In our previous article we discussed about the terminology side of Kubernetes volume snapshots and concepts around it. If you haven’t read through it, I would recommend to have a check on this article, may be before getting into this. But, I will leave that upto you.

This article describe about how CephFS snapshots can be created on CephFS volumes provisioned by the Ceph CSI driver. Once you have snapshots available you can also restore these snapshots to “NEW” Persistent Volume Claims!. We also have the ability to CLONE an existing PVC to a new Volumes! This covers a good amount of use cases related to Backup and Restore in many scenarios. The only requirement here is to have Ceph CSI version 3.1.0 running in your setup either directly by deploying Ceph CSI via templates from its project repository or by installing Rook version >= 1.4.1.

I have also captured a demo of this process in below screen cast.

Considering I have documented the process in the screen cast, its better to not duplicate it here. However if you have any queries, suggestions or comments on this, please place a comment here or reach out!

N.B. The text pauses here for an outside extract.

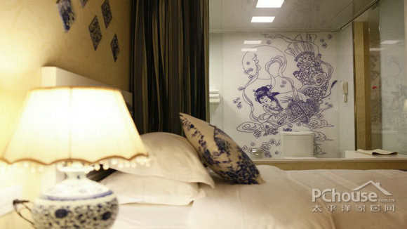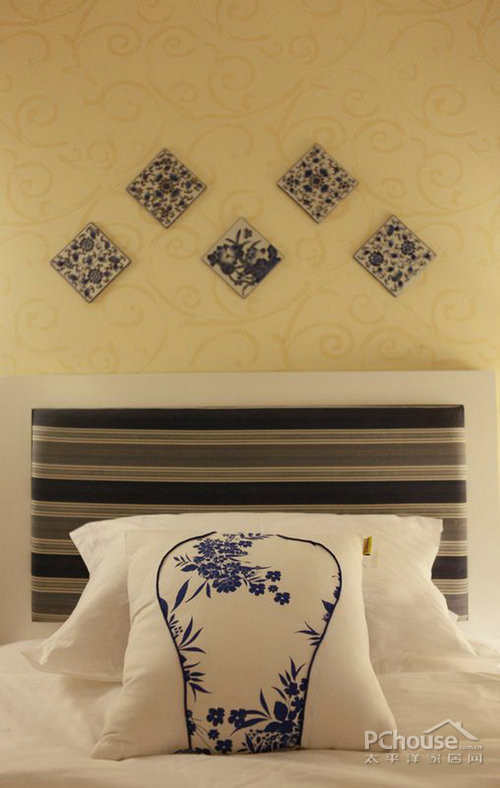 房间里连靠垫都是青花瓷瓶的图案,每件饰品的挑选都可以看出设计师细腻的心思。
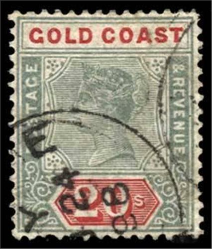 1889-1904 20s green and red (SG 24) "green faded, creased and defective at top" as stated on RPS Cert (2003) still very acceptable example of rare stamp which is not priced used in SG catalogue (see footnote)

Kubernetes Volume Snapshot , Restore and PVC cloning introduction

As you know Snapshot is Point In time copy of a volume. In Kubernetes, a VolumeSnapshot represents a snapshot of a volume on a storage system.
Similar to how API resources like PersistentVolume and PersistentVolumeClaim are used to provision volumes for users and administrators in an kubernetes/OCP cluster, VolumeSnapshot and VolumeSnapshotContent are API resources that are provided to create volume snapshots.

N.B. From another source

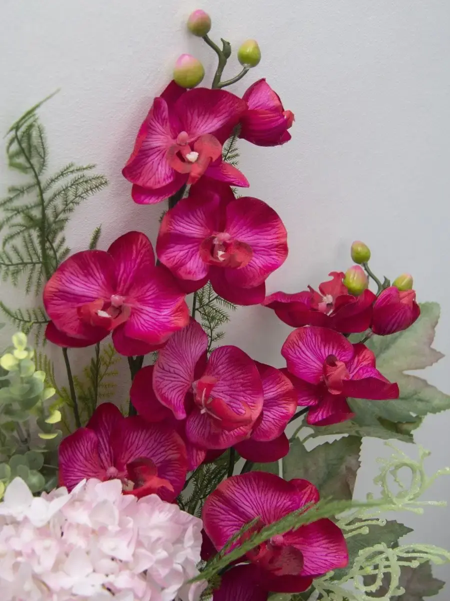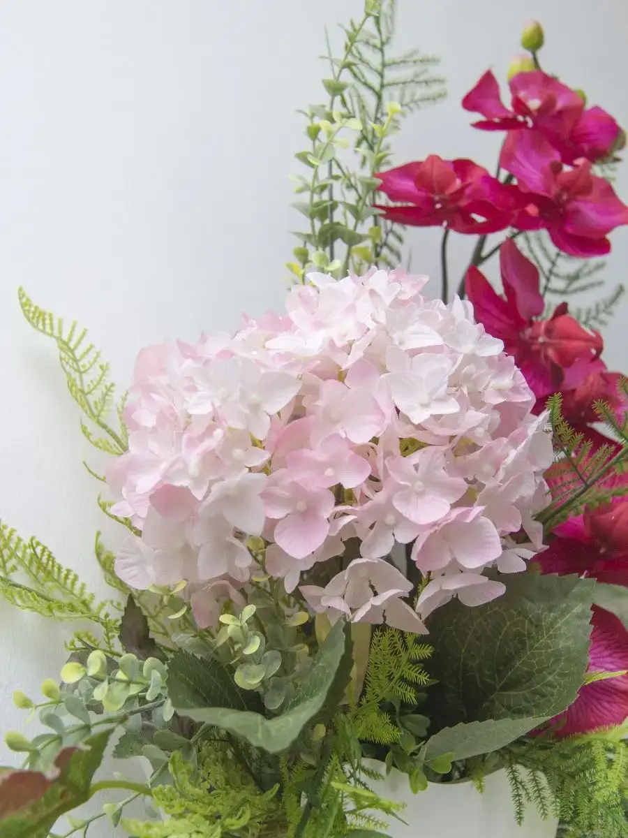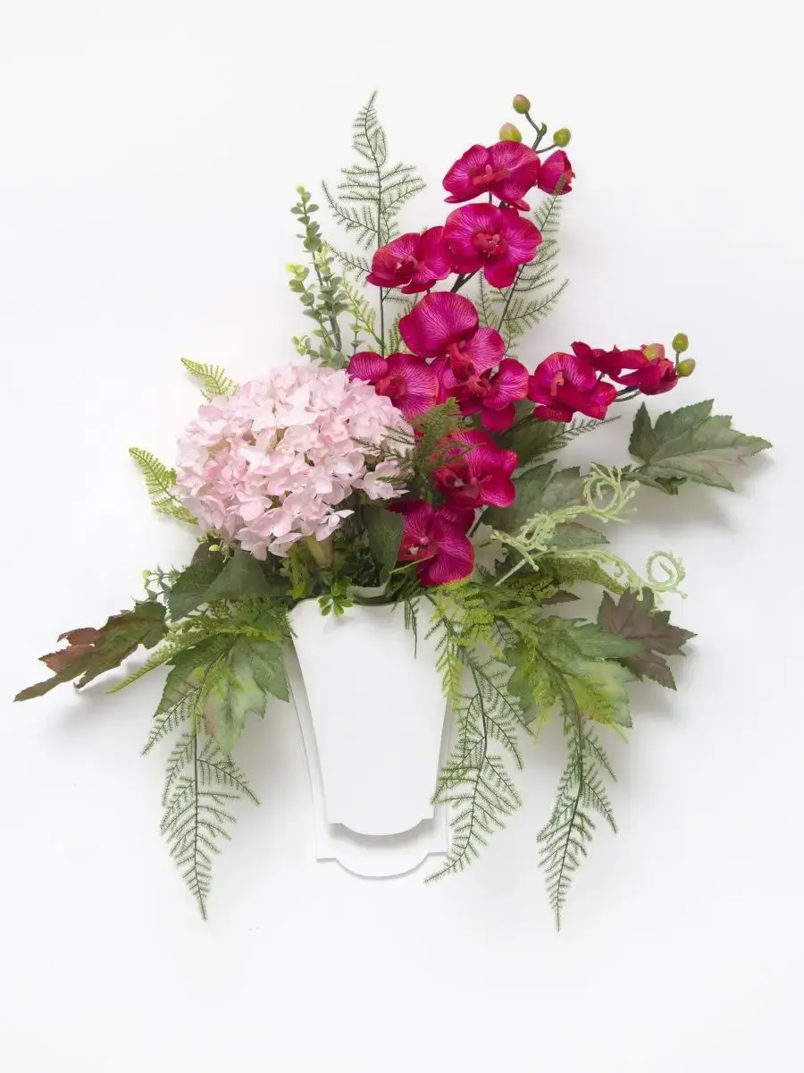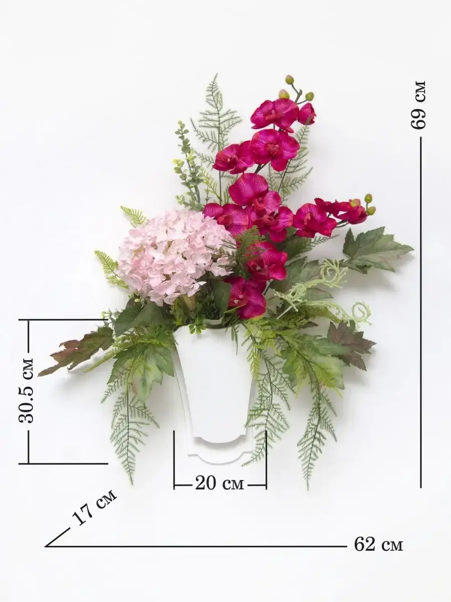 Этот букет из искусственных цветов в кашпо станет великолепным дополнением вашего интерьера, создавая атмосферу уюта и гармонии. Он идеально подходит для тех, кто ценит красоту природы, но не хочет тратить время на уход за живыми растениями. Реалистичные детали каждого цветка делают композицию живой и привлекательной, а пастельные оттенки добавят нотку нежности в любое помещение. Такой элемент декора прекрасно вписывается в гостиную, спальню или офис, придавая пространству завершённый вид. Искусственные цветы не выцветают и не требуют полива, что позволяет наслаждаться их красотой без лишних хлопот. Выберите этот букет для создания уюта и стиля в вашем доме.

For supporting or working with snapshot, we have mainly 3 API objects or Custom resources and to name those:
We have volumeSnapshot, VolumeSnapshotContent and VolumeSnapshot Class. These objects or workflow is analogues to Persistent Volume Claim (PVC) workflow if you are aware of.

A VolumeSnapshot is a request for snapshot of a volume by a user. This is a user property. It is similar to a PersistentVolumeClaim where user request a storage.

VolumeSnapshotClass is similar to storage class but for Snapshot requests. Its an admin property in an ocp cluster. It allows you to specify different attributes belonging to a VolumeSnapshot. These attributes may differ among snapshots taken from the same volume on the storage system and therefore cannot be expressed by using the same StorageClass of a PersistentVolumeClaim.

There is also volumesnapshotcontent object, A VolumeSnapshotContent is a snapshot taken from a volume in the cluster. It is a resource in the cluster just like a PersistentVolume is a cluster resource. IN dynamic provisioning world an admin/user dont have to worry about this object. That said, its getting created and managed by internal controllers.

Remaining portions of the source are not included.